隠れ金融

日本では、バブル後にすぐ問題になったのはノンバンクだった。現在、他国ではシャドーバンクが問題になっている。

この違いは、日本の銀行預金の占める割合が高いからだろう。その預金を通した資金からのノンバンクの不良債権がまず問題になったと理解する。他国の場合は、預金より高いリターンを求めた行動がシャドーバンクに流れたと理解する。つまり、日本の場合は個人のリスクが回避され、他国は個人がリスクを負う結果となる。

個人が負担する点の違いに着目しても直接の影響は、よくわからない。しかし、銀行を通した資金の意味は大きいと思う。なぜなら、中銀の及ぶ範囲にあることを意味するからだ。だから、日本の場合は金融政策の恩恵で大きな被害にならなかったと考える。

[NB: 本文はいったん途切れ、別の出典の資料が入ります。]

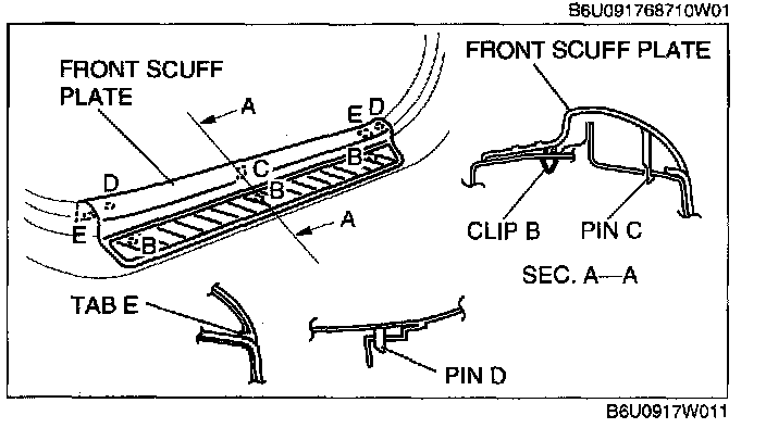 upward, disengage clips B, pins C, D and tabs E from the body, and remove the front scuff plate.

逆に言えば、中銀の影響範囲外という点で問題視する必要があるということだろう。設計通りのリスク負担での損失は、その負担する者にしか直接の影響は及ぼさない。その先は別の話ではある。

噂では、地方政府が実質的に負担して元本割れを回避したようだ。しかし、今後はわからない。ただし、事前の設計にない裁量で力業で問題を先延ばしする可能性があると考えている。出来るかどうかは別の話だ。

個別には設計通りで問題ないだろう。しかし、一斉に起きることが問題だ。マクロの影響だからだ。損失の穴埋めとか、リスク負担能力が下がるとか、損失の先の話は複雑だが、損失以上かもしれない影響の大きさを想定しておく必要があるだろう。

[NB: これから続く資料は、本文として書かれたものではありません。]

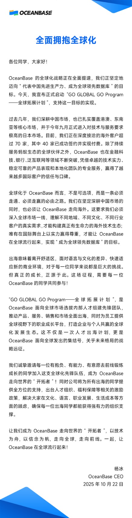 据了解,为加速全球化布局,OceanBase拟通过“GO GLOBAL GO Program”计划,面向全球市场选拔内部人才组建先锋团队,推动产品、服务、销售和市场全面出海。

というよりも、設計がないことが問題ではないだろうか。誰が当事者で、誰が実質的負担を負うべきか、そのような設計がないから、事態への対応能力がないのだ。一度起きている。リーマンショックは、あの住宅債権の問題が原因のようなものだろう。その時の対応は、本来的なのだろうか。

対応能力という観点が優先されただけのことではないだろうか。その認識が間違っていると言い切れるなら、その理由を知りたい。理由には、必要な設計が含まれているはずだからだ。

さて、問題が顕在化するのはほぼ確実と考えているが、その日本への影響は実体経済にもあると思う。なかなか悩ましい。